The answer is yes you would be able to move but that would require with your probation being terminated or I being transferred to Texas. Either way your best bet would be to discuss this with your PO. S/he would be in the best position to assist you if s/he were so inclined. If probation isn't being cooperative you may wish to consider contacting an attorney who could then make the necessary applications to the court.
It is possible to have your probation transferred via the interstate compact. However, both states must agree. From the facts that you have listed, there doesn't seem to be much reason for them to object.
Another alternative, should the judge be so inclined, is to terminate the supervision requirement so that you no longer have to report to a probation officer. Rather, the judge essentially supervises your probation. What this effectively means is that they will review your file from time to time, most likely close to the end of your term, and see if you have completed all the terms of probation and not had any new violations of law.
No answer here should be considered to form an attorney-client relationship.
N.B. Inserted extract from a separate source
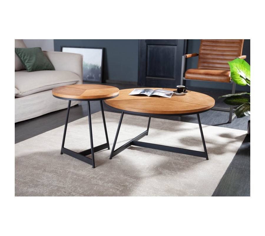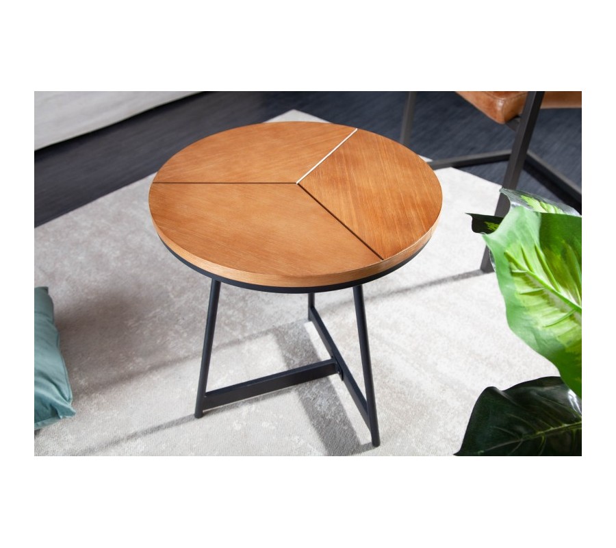 Industriálny nadčasový okrúhly príručnýstolík Carvallo s vrchnou doskou s dubovým vzhľadom 45cm

You should consult with a licensed attorney in your jurisdiction so that a full evaluation of the facts of your case can be conducted.
You will need to ask for and get the go ahead from your probation officer and permission from the court. Also the state of Texas will have to accept you into their probation program. This is not a sure thing, but it happens with some regularity.
If you are on unsupervised probation, you will need to address your move with the court only.
It is not true that anyone has to agree to transfer your probation down to Texas if you get a job down there, but having already secured employment will probably make the transfer easier to justify.
The proceeding statement is for your benefit and designed to orient you to seek help more completely; it should not be construed as a complete answer to your legal problem or a substitution for legal advice. Only when an attorney has had the opportunity to fully explore the issues of your case can you truly be advised. By reading my statement you should not infer we have created an attorney client relationship.
My colleagues are accurate. You can move out of state as long as you get court permission and consent to do so. If you are on supervised probation, they would need to transfer it to TX and TX would have to accept the transfer.